#### DATA SEGMENT
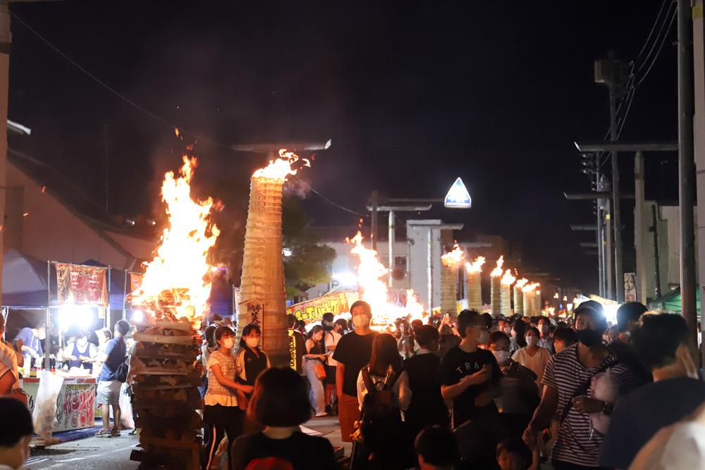 和太鼓の演奏や盆踊りが行われるほか、夕方には会場に設置された数百個の灯篭が点火します。
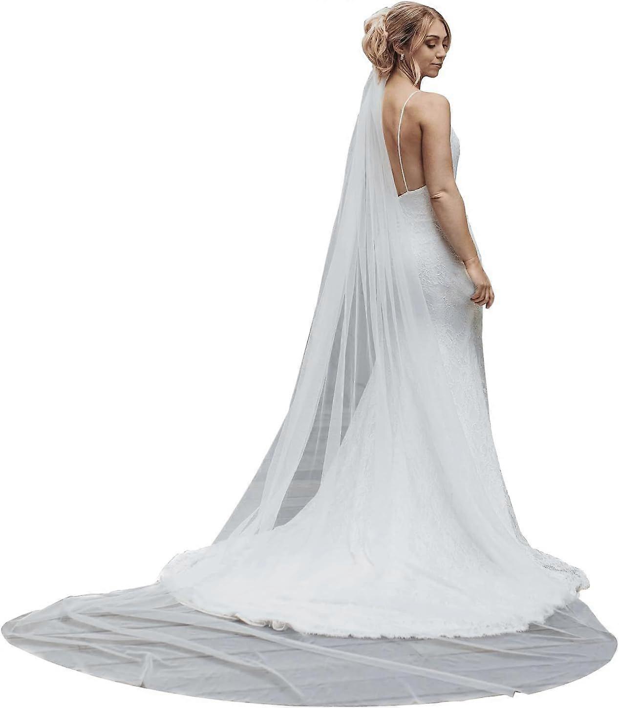 Long Cathedral Simple Drop Tulle Bridal Wedding Veil with Comb Ivory Cathedral
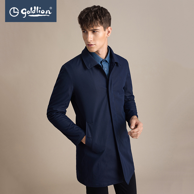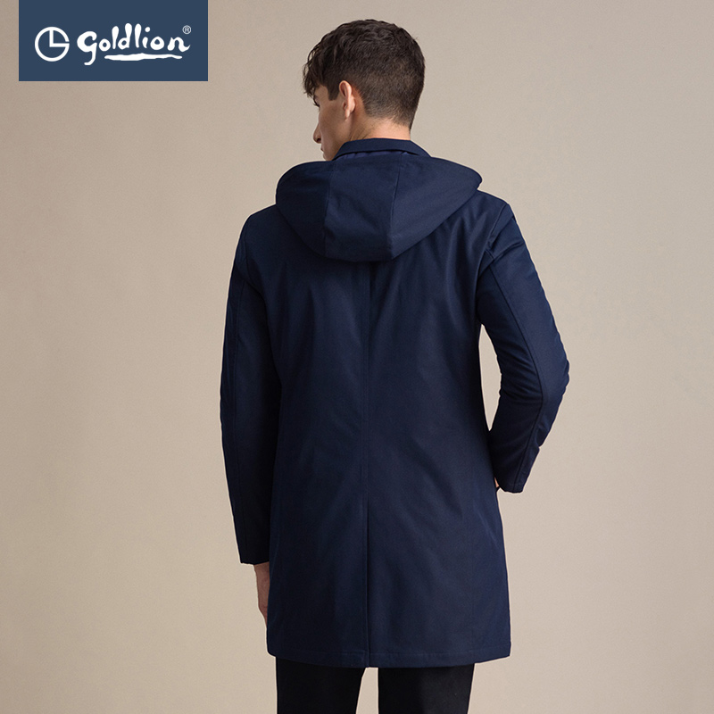 Jinlilai autumn and winter men's anti-splashing water twill fabric warm lapel removable cap mid-length cotton coat Hui]
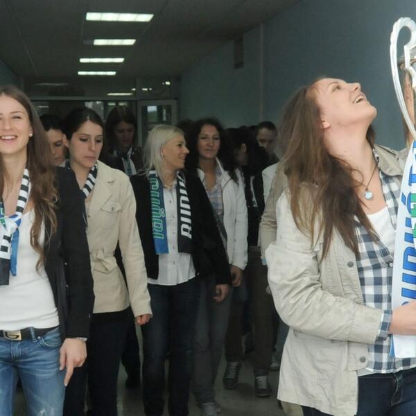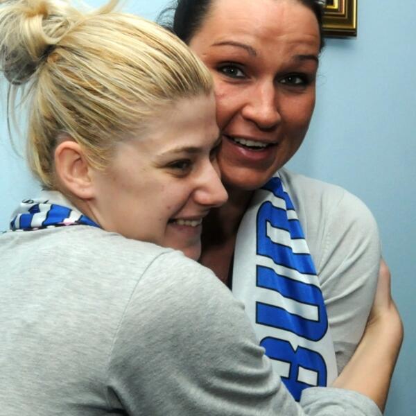 Naslovna Sport I za Bubu pehar Nakon prijema u vili „Gorica“, čitava ekipa Budućnosti otišla je u bolnicu da vidi povrijeđenu saigračicu Majdu Mehmedović. Donijeli su joj šampionski pehar, koji nije mogla sama da drži, kao i medalju namijenjenu prvakinjama Evrope. 104 pregleda 8 komentar(a) Vijesti online 15.05.2012. 11:02h Ažurirano: 15.05.2012. 11:02h Galerija 1 / 5 Foto: Luka Zeković Bonus video: Vijesti Majda Mehmedovićrukometašice budućnosti

#### TASK PROMPT
The answer must be the data above, repeated exactly, with no pictures.

#### EXERCISE ANSWER
 和太鼓の演奏や盆踊りが行われるほか、夕方には会場に設置された数百個の灯篭が点火します。
 Long Cathedral Simple Drop Tulle Bridal Wedding Veil with Comb Ivory Cathedral
 Jinlilai autumn and winter men's anti-splashing water twill fabric warm lapel removable cap mid-length cotton coat Hui]
 Naslovna Sport I za Bubu pehar Nakon prijema u vili „Gorica“, čitava ekipa Budućnosti otišla je u bolnicu da vidi povrijeđenu saigračicu Majdu Mehmedović. Donijeli su joj šampionski pehar, koji nije mogla sama da drži, kao i medalju namijenjenu prvakinjama Evrope. 104 pregleda 8 komentar(a) Vijesti online 15.05.2012. 11:02h Ažurirano: 15.05.2012. 11:02h Galerija 1 / 5 Foto: Luka Zeković Bonus video: Vijesti Majda Mehmedovićrukometašice budućnosti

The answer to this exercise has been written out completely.